I've chased so many away from the wood chips so often now that some of them all it takes is a rattle of the garden door handle. Although that only works when I'm in the house 


Sent from my iPhone using Tapatalk


----------



## st1965

Buy a weimaraner !


----------



## Clancy

Buy a dog, let them get their scent around and the cats don't come near. Added bonus you also then have a dog


----------



## PugIain

Actually, we want a dog. A Springer spaniel.
Just to make my Mrs feel like she isn't the only mental thing in the house.


----------



## Clancy

PugIain said:


> Actually, we want a dog. A Springer spaniel.
> Just to make my Mrs feel like she isn't the only mental thing in the house.


:lol:


----------



## richtung

We are also suffering from cat poo in out garden.
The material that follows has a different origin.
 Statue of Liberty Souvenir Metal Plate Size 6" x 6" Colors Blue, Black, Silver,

The other morning, i saw a local cat making its way down our drive en route to the back garden. I opened the window and tried to shoo it off... it gave me a "Da fu*k you looking at?!?!?" face and carried on round the back.
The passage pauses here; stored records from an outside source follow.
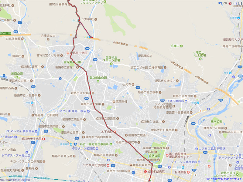 姫路駅前からは、Googleの道案内に従って書写山を目指します。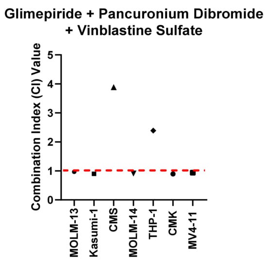 A panel of paediatric AML cell lines were treated with the combination of glimepiride (0.5 µM), pancuronium dibromide (0.5 µM) and vinblastine sulfate (0.0005 µM) for 72 h and combination index values were subsequently calculated using the Chou and Talalay method. CI > 1 is antagonistic, CI = 1 is additive and CI < 1 is synergistic.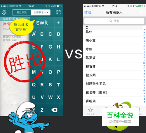 看谁在通讯录查人更快 拨号精灵:在“精确定位”+“常用联系人”优先的配合下,打电话基本上都是一到两键就能拨出! 苹果自带:点击“字母”键定位,然后上下翻动通讯录查找;或者输入“姓名”搜索,使用不甚方便。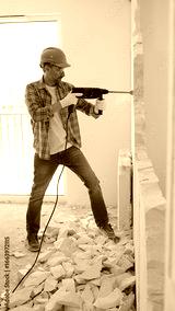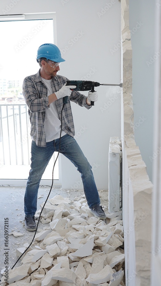 Male construction worker wearing grey checked shirt and blue hardhat is demolishing a wall with a hammer drill, creating construction debris on the surrounding floor surface. Renovation concept
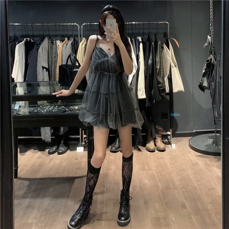 スカート サマースタイルドレス ウェストスリムショートブラック 夏物 1号婦人83272651868
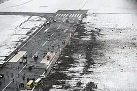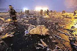 At 03:28, the crew began their second approach to runway 22, but again aborted their landing. The plane then rapidly climbed to 4,000 feet (1,200 m) before going into a 45 degree dive, and at 03:42 crashed onto the runway not far from the threshold, skidding a few meters and exploding.[22][25] Pieces of the aircraft were strewn across runway 22 during the impact.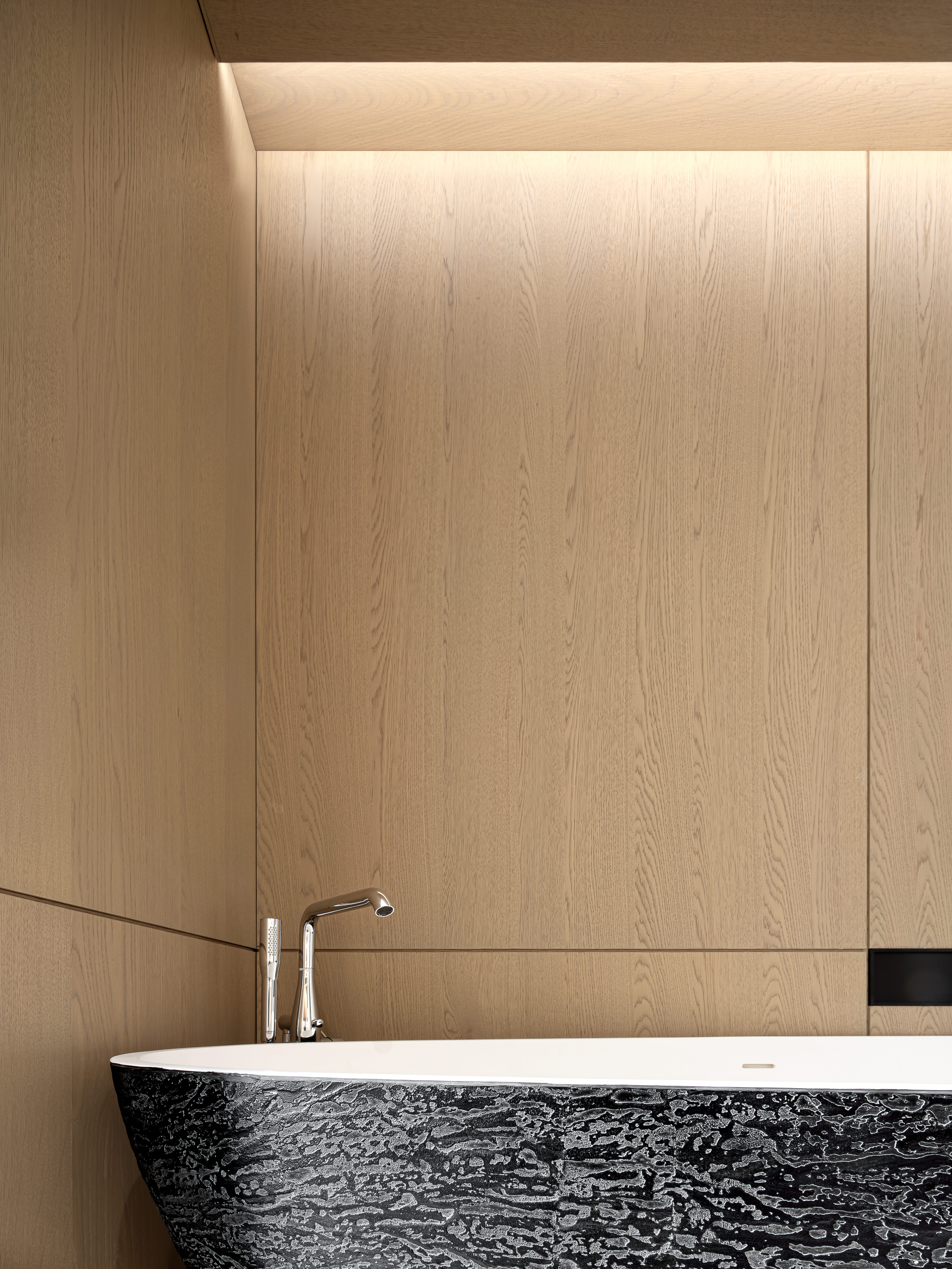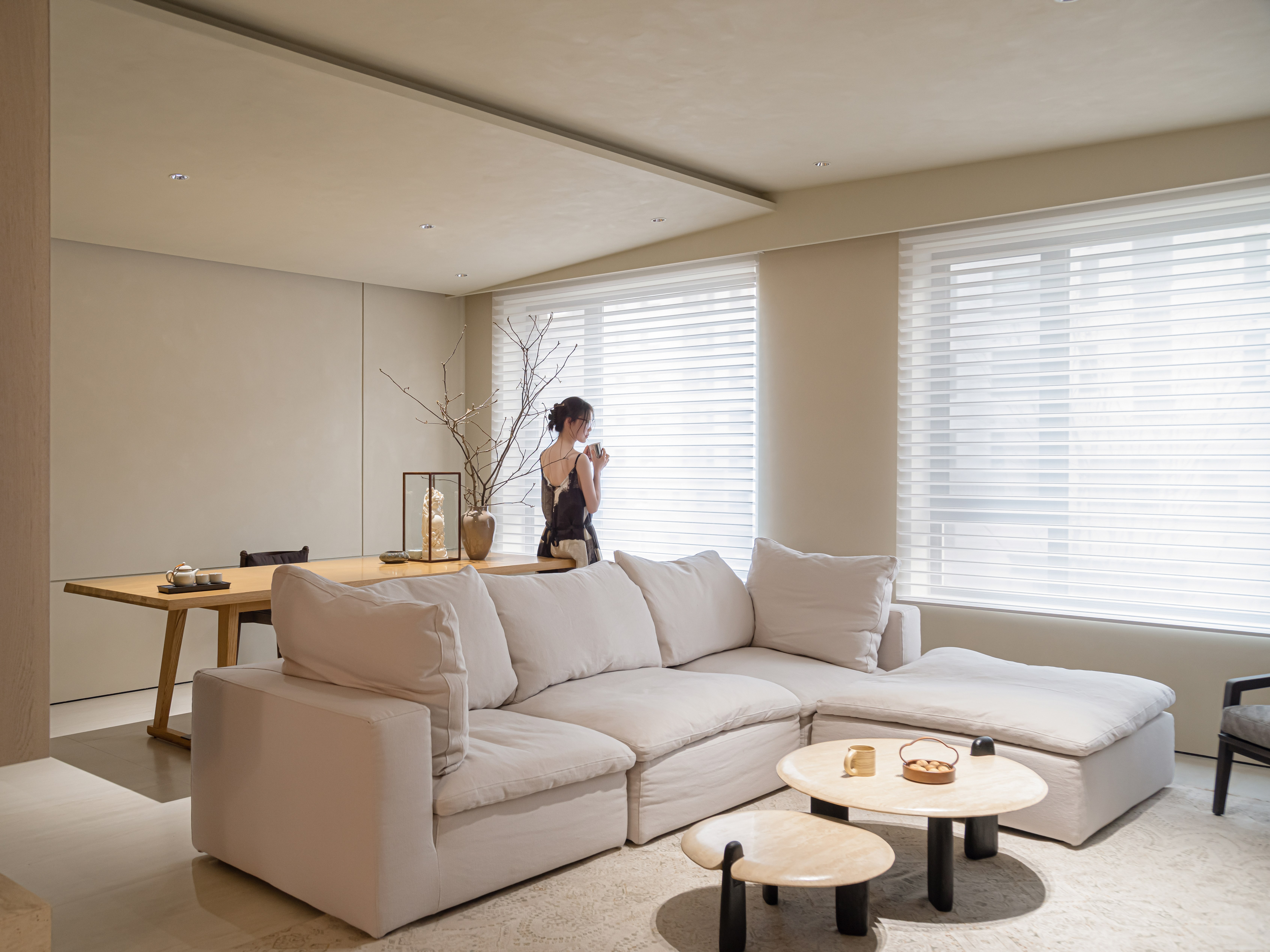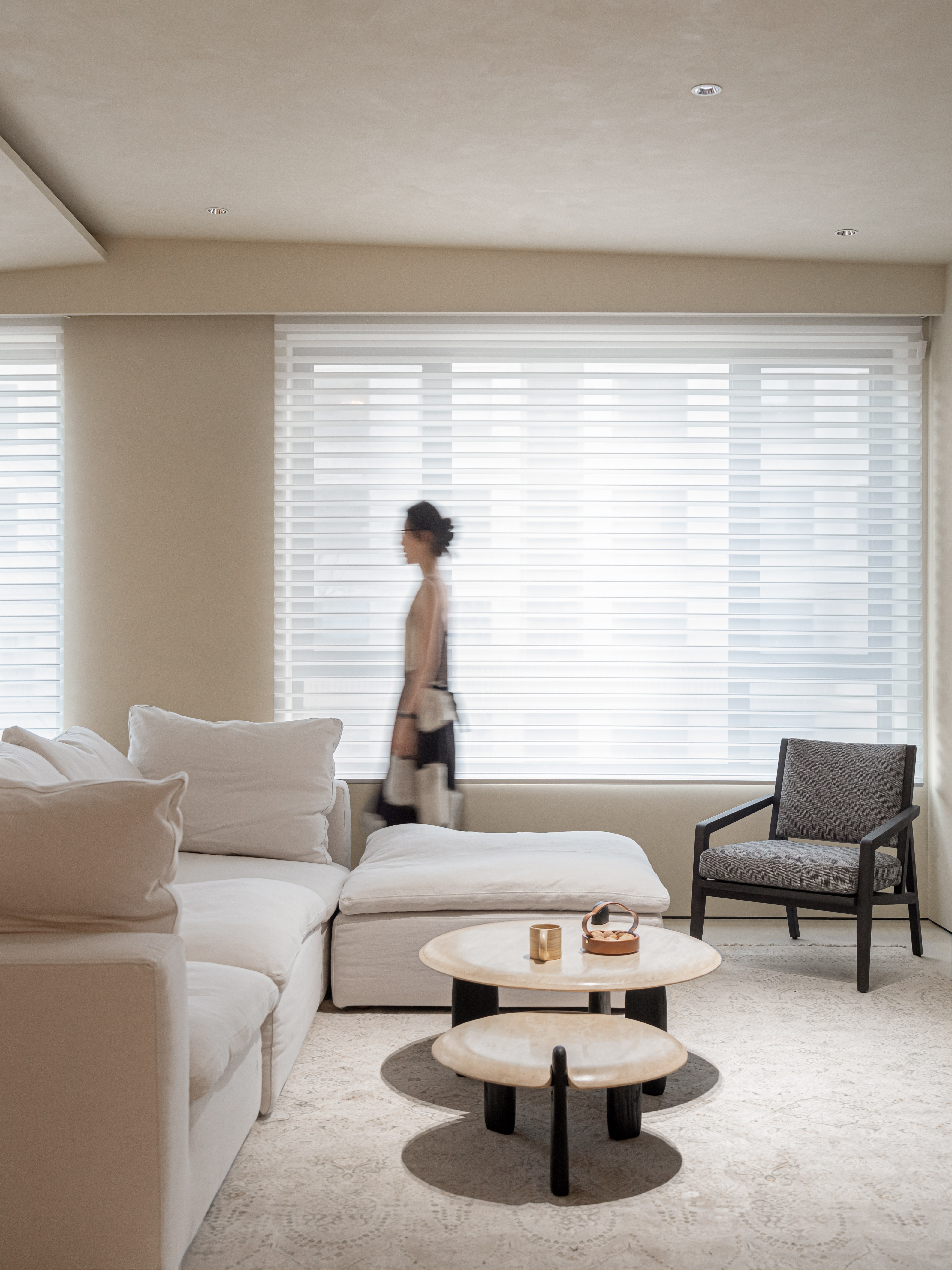 用户体验:投入使用后,强大的隐藏收纳使空间始终整洁静谧,动线流畅。用户评价:“家如会呼吸的留白画卷,功能皆藏于无形,洞石与木纹的碰撞,在日常中沉淀出东方的宁静与温暖。”

The lack of respect offended me....

Rich


----------



## knightstemplar

Don't hurt the cat! It's just doing what's natural, and I know it's a bloody nuisance but I got a water pistol and squirted the one doing it in my garden and it has not came back and it was doing it for months. I'm sure if I was on the toilet I wouldn't want shot with an air rifle


----------



## rob267

knightstemplar said:


> Don't hurt the cat! It's just doing what's natural, and I know it's a bloody nuisance but I got a water pistol and squirted the one doing it in my garden and it has not came back and it was doing it for months. I'm sure if I was on the toilet I wouldn't want shot with an air rifle


Tried the water pistol but the crafty bugger likes to s*** at night so i aint there to squirt it. Will be trying a sonic scarer i think.
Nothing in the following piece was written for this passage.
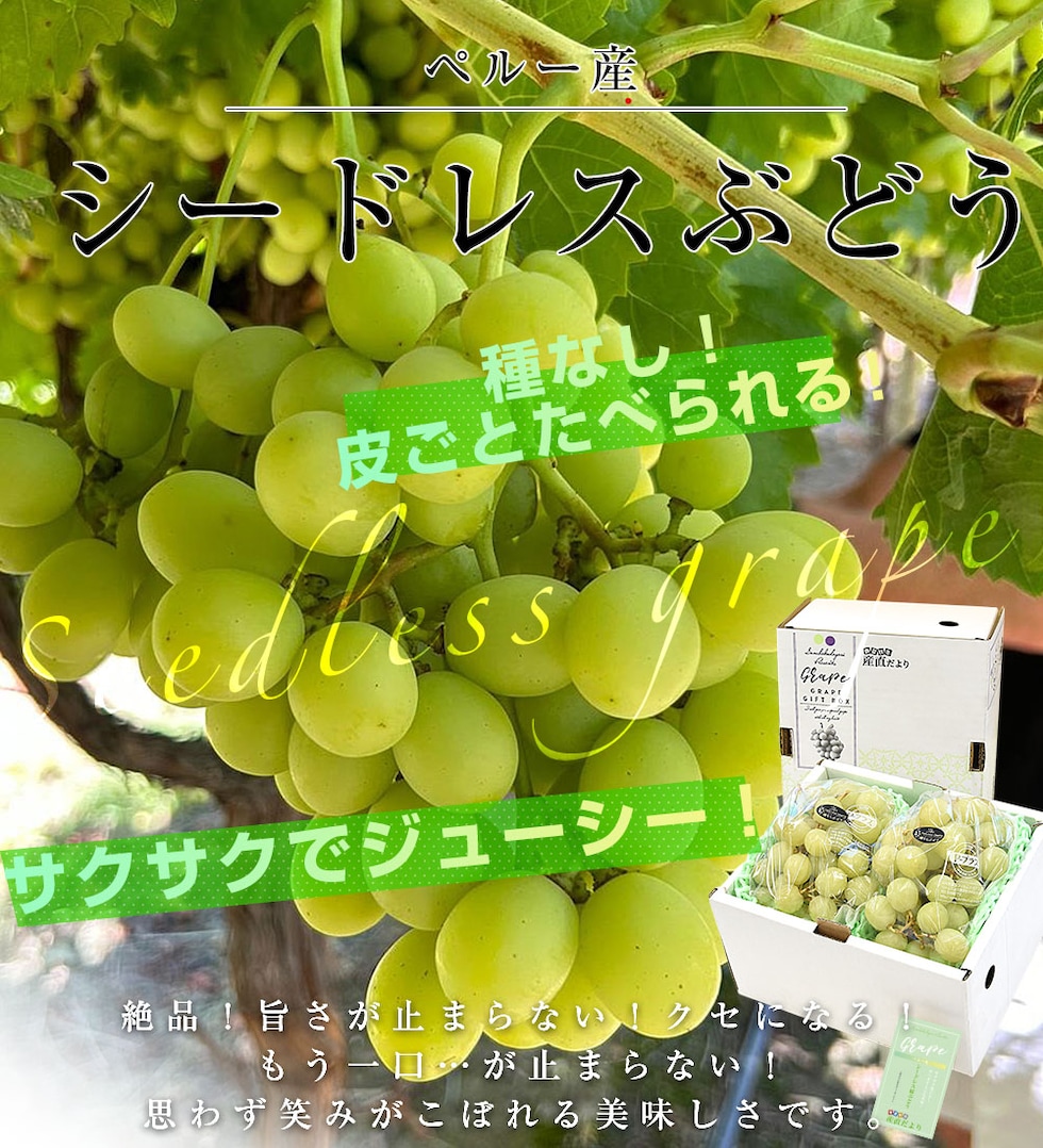 【2026年発送】皮ごと食べられる!シードレス緑ぶどう ペルー産 約1.2キロ(約600g×2入)送料無料 種なしぶどう 輸入ぶどう 海外ぶどうのレビュー

Sent from my SM-G920F using Tapatalk


----------



## Clancy

knightstemplar said:


> Don't hurt the cat! It's just doing what's natural


Nah not buying it, I think cats are just pure ass holes :lol: notice how it's in everyone else's gardens, don't see them ****ing in their own


----------



## TYPH3OUS

rob267 said:


> Tried the water pistol but the crafty bugger likes to s*** at night so i aint there to squirt it. Will be trying a sonic scarer i think.
> 
> Sent from my SM-G920F using Tapatalk


One thing to note.

We did put a sonic scarer in our garden as well, but it did scare off the birds also.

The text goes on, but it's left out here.